Julius Rockwell (April 26, 1805May 19, 1888) was a United States politician from Massachusetts, and the father of Francis Williams Rockwell.

Rockwell was born in Colebrook, Connecticut and educated at private schools and then Yale, where he studied law, graduating in 1826. He was admitted to the bar and in 1830 commenced practice in Pittsfield, Massachusetts. He was elected a member of the Massachusetts House of Representatives in 1834 and served four years, three of them as Speaker. Rockwell was appointed commissioner of the Bank of Massachusetts from 1838 to 1840.

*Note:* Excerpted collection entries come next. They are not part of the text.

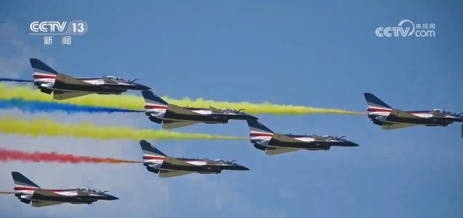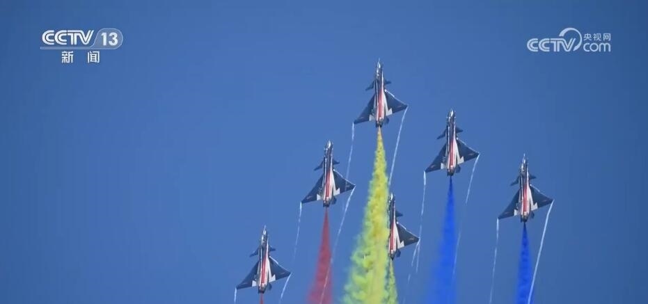 隨著滑出指令下達,噴著五星紅旗涂裝的6架表演機緩緩駛向起飛線。6架表演機在云底高度1000米氣象條件下依次起飛,在空中迅速集結組成箭形編隊。以人字形編隊低空通場,在空中以六道絢麗彩煙,以特殊禮儀向現(xiàn)場致以最崇高的敬意。
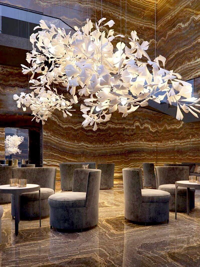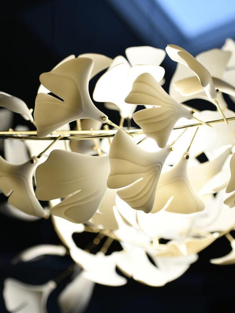 Los candelabros Gingko son impresionantes instalaciones hechas a medida, compuestas de hojas de porcelana hechas a mano. La interacción entre cerámica y luz tiene el poder de crear una sensación de bienestar y una atmósfera cálida. La escultura luminosa va mucho más allá de su finalidad funcional de iluminar un espacio. Al iluminarse, define su propia forma y presencia, convirtiéndose en una obra de arte fascinante. Como una planta viva, tiene una energía natural y dinámica que nos calma y revitaliza. El diseño de las instalaciones va de la mano del espacio arquitectónico y de las ideas de los arquitectos e interioristas.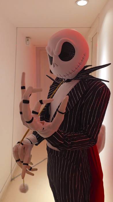 A foam-padded jawpiece moves with your mouth for added character, and the oversized gloves with interior finger controls animate Jack Skellington's long, skeletal hands. Topping it all off, the foam bat-shaped bow tie completes this unforgettable look.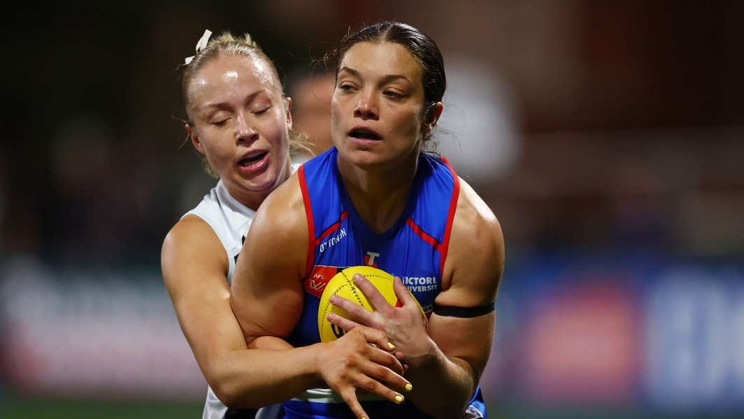 Annie Lee tackles Ellie Blackburn during the match between the Western Bulldogs and Collingwood at Whitten Oval in round seven, 2025. Picture: Getty Images

In 1842 he successfully ran as a Whig candidate for the House of Representatives and was re-elected three times, serving from 1843 to 1851. He did not seek renomination in 1850. He was a delegate to the state constitutional convention in 1853, and was appointed to the Senate in 1854 to fill the vacancy caused by the resignation of Edward Everett, serving from June 3, 1854 to January 31, 1855, when his successor Henry Wilson was elected. Rockwell voted in the electoral college for the Republican candidate John C. Frémont in the presidential election of 1856.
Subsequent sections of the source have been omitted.